• _Task instructions_: Give back the records below verbatim, please, but without a single image.

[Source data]
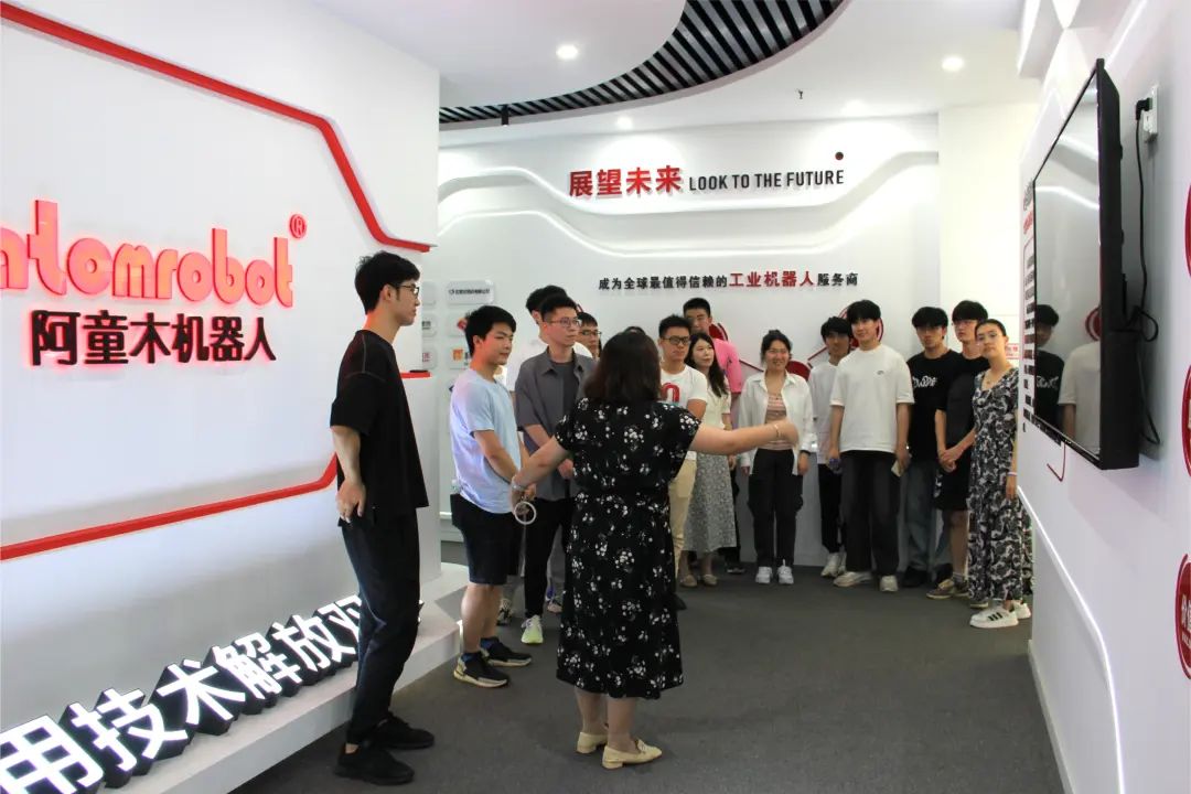 參觀期間,學(xué)生們現(xiàn)場走進阿童木機器人智能制造生產(chǎn)車間。一個個零部件到整機,成品測試,樣機演示......車間內(nèi)高度自動化的智能制造系統(tǒng),讓學(xué)生們對阿童木機器人產(chǎn)品與服務(wù)宗旨有了更深刻的感受。
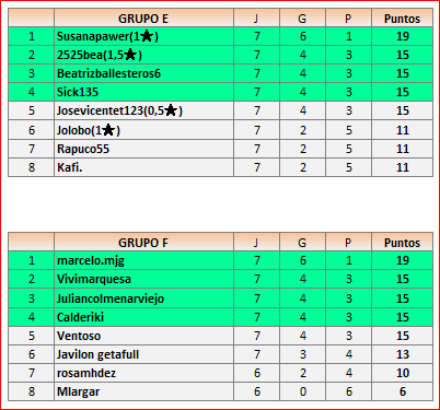 Deja un comentarioEn está página se irán publicando los resultados de las diferentes partidas, siendo ambos jugadores responsables de subirlos o de comprobar que ya hayan sido publicados, insertando un COMENTARIO en la parte inferior de la pantalla (opción “Deja tu comentario”), indicando el nombre de los dos jugadores y los puntos obtenidos en la partida.
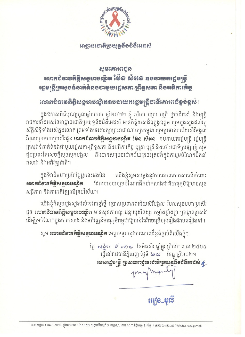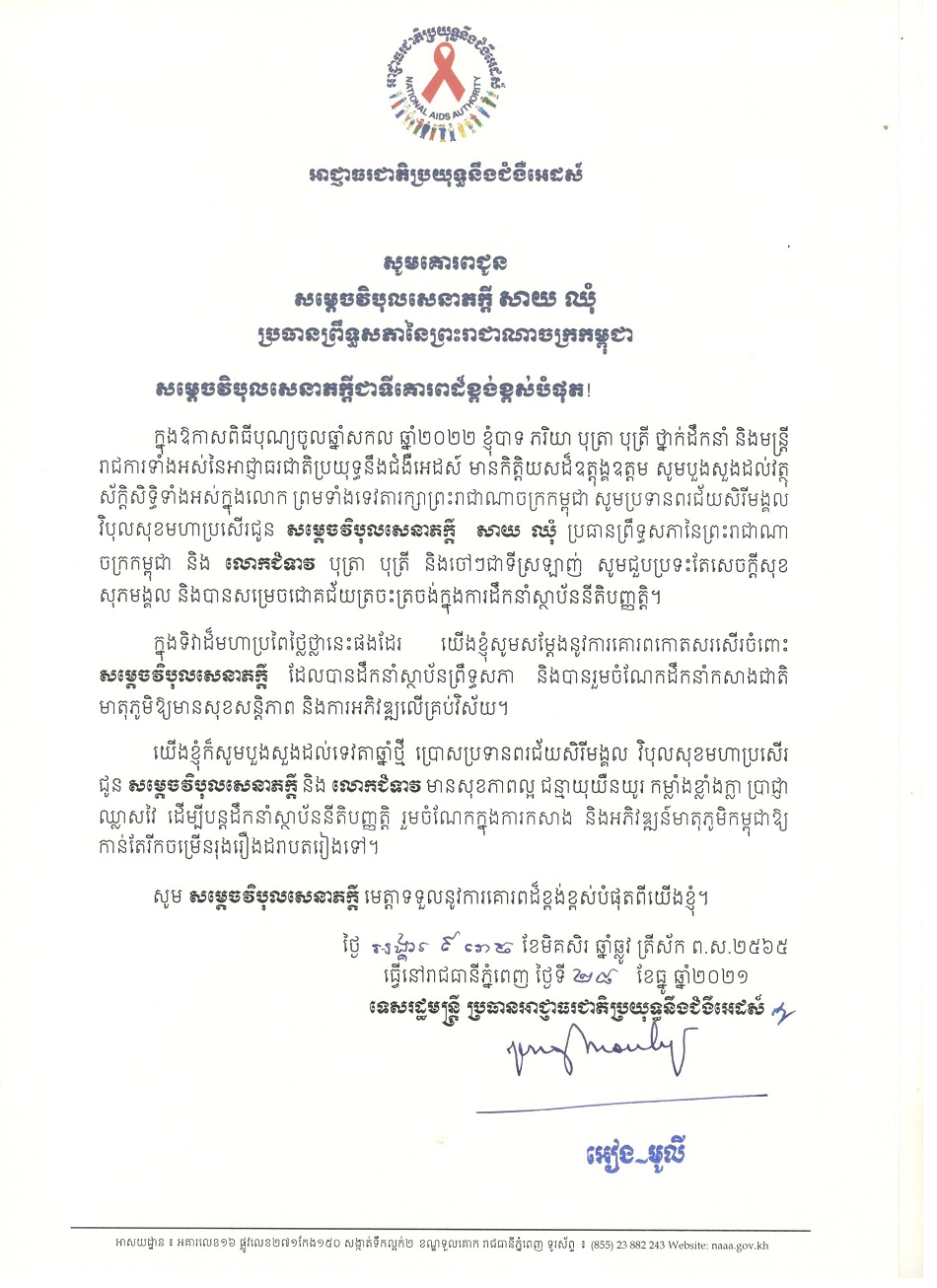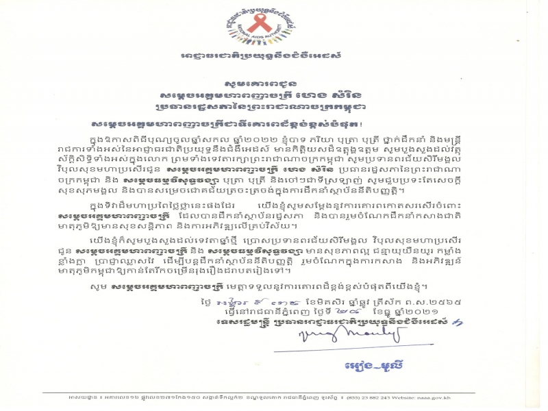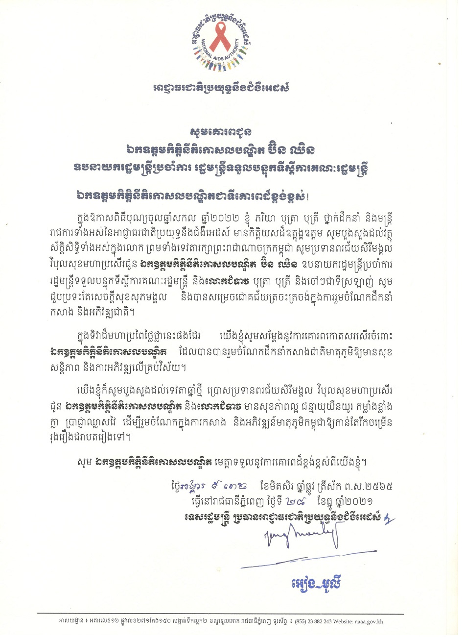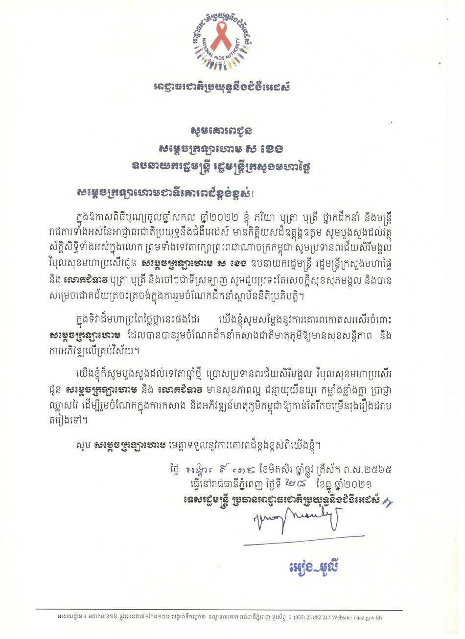 លិខិតគោរពជូនពរ ថ្នាក់ដឹកនាំកំពូល នៃព្រះរាជាណាចក្រកម្ពុជា ក្នុងឱកាសពិធីបុណ្យចូលឆ្នាំសកល ២០២១
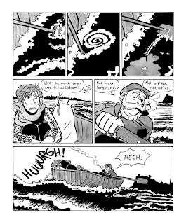 Rockall #1, by Amelia Onorato. This is the first issue of what is shaping up to be a fantasy/romance story set in an island off of Ireland. We meet Tommy Kagan, a young man who has purchased property on the island is rowed out there at the beginning of the story. He quickly discovers two things: like all small communities, the island is a place where your business is everyone's business; and there are two inhabitants in the house he has bought. One is a woman accused of being a "selkie", a seal who takes human form who can be captured by a human who happens to see her dance. She can only be freed if she finds her skin after her human master has stolen it. Onorato wisely plays coy as to whether the woman is actually a selkie, though she is indeed searching for something and is trapped on the island after her husband mysteriously died in a fishing accident. That's an event the islanders blamed on her ("calling up the sea"), sparking mutual distrust and loathing. This is obviously a groundwork-laying issue, but it's one that's well-structured and built in part on a patois that is at once distinctive but not confusing. One gets a real sense of time and place very quickly in this comic. Onorato's line is simple, cartoony and expressive. The comic did cry out for color, however; a light green wash or even some kind of blue-green duotone would have looked much better than the grey wash used on a number of pages. I'm quite curious to see how the story proceeds.
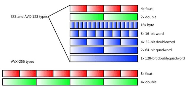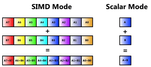 其中一个重要的细粒度并行能力就是SIMD(Single Instruction Multiple Data),也就是多个执行单元,同时对多个数据应用相同指令进行计算的模式。在经典分类上,一般单核心CPU被归入SISD(Single Instruction Single Data),而多核心CPU被归入MIMD(Mingle Instruction Multiple Data),而GPU才被归入SIMD的范畴。但是现代CPU上,除了多核心的MIMD基础模型,也同时附带了细粒度SIMD计算能力。

• _Reply_:
 參觀期間,學(xué)生們現(xiàn)場走進阿童木機器人智能制造生產(chǎn)車間。一個個零部件到整機,成品測試,樣機演示......車間內(nèi)高度自動化的智能制造系統(tǒng),讓學(xué)生們對阿童木機器人產(chǎn)品與服務(wù)宗旨有了更深刻的感受。
 Deja un comentarioEn está página se irán publicando los resultados de las diferentes partidas, siendo ambos jugadores responsables de subirlos o de comprobar que ya hayan sido publicados, insertando un COMENTARIO en la parte inferior de la pantalla (opción “Deja tu comentario”), indicando el nombre de los dos jugadores y los puntos obtenidos en la partida.
 លិខិតគោរពជូនពរ ថ្នាក់ដឹកនាំកំពូល នៃព្រះរាជាណាចក្រកម្ពុជា ក្នុងឱកាសពិធីបុណ្យចូលឆ្នាំសកល ២០២១
 Rockall #1, by Amelia Onorato. This is the first issue of what is shaping up to be a fantasy/romance story set in an island off of Ireland. We meet Tommy Kagan, a young man who has purchased property on the island is rowed out there at the beginning of the story. He quickly discovers two things: like all small communities, the island is a place where your business is everyone's business; and there are two inhabitants in the house he has bought. One is a woman accused of being a "selkie", a seal who takes human form who can be captured by a human who happens to see her dance. She can only be freed if she finds her skin after her human master has stolen it. Onorato wisely plays coy as to whether the woman is actually a selkie, though she is indeed searching for something and is trapped on the island after her husband mysteriously died in a fishing accident. That's an event the islanders blamed on her ("calling up the sea"), sparking mutual distrust and loathing. This is obviously a groundwork-laying issue, but it's one that's well-structured and built in part on a patois that is at once distinctive but not confusing. One gets a real sense of time and place very quickly in this comic. Onorato's line is simple, cartoony and expressive. The comic did cry out for color, however; a light green wash or even some kind of blue-green duotone would have looked much better than the grey wash used on a number of pages. I'm quite curious to see how the story proceeds.
 其中一个重要的细粒度并行能力就是SIMD(Single Instruction Multiple Data),也就是多个执行单元,同时对多个数据应用相同指令进行计算的模式。在经典分类上,一般单核心CPU被归入SISD(Single Instruction Single Data),而多核心CPU被归入MIMD(Mingle Instruction Multiple Data),而GPU才被归入SIMD的范畴。但是现代CPU上,除了多核心的MIMD基础模型,也同时附带了细粒度SIMD计算能力。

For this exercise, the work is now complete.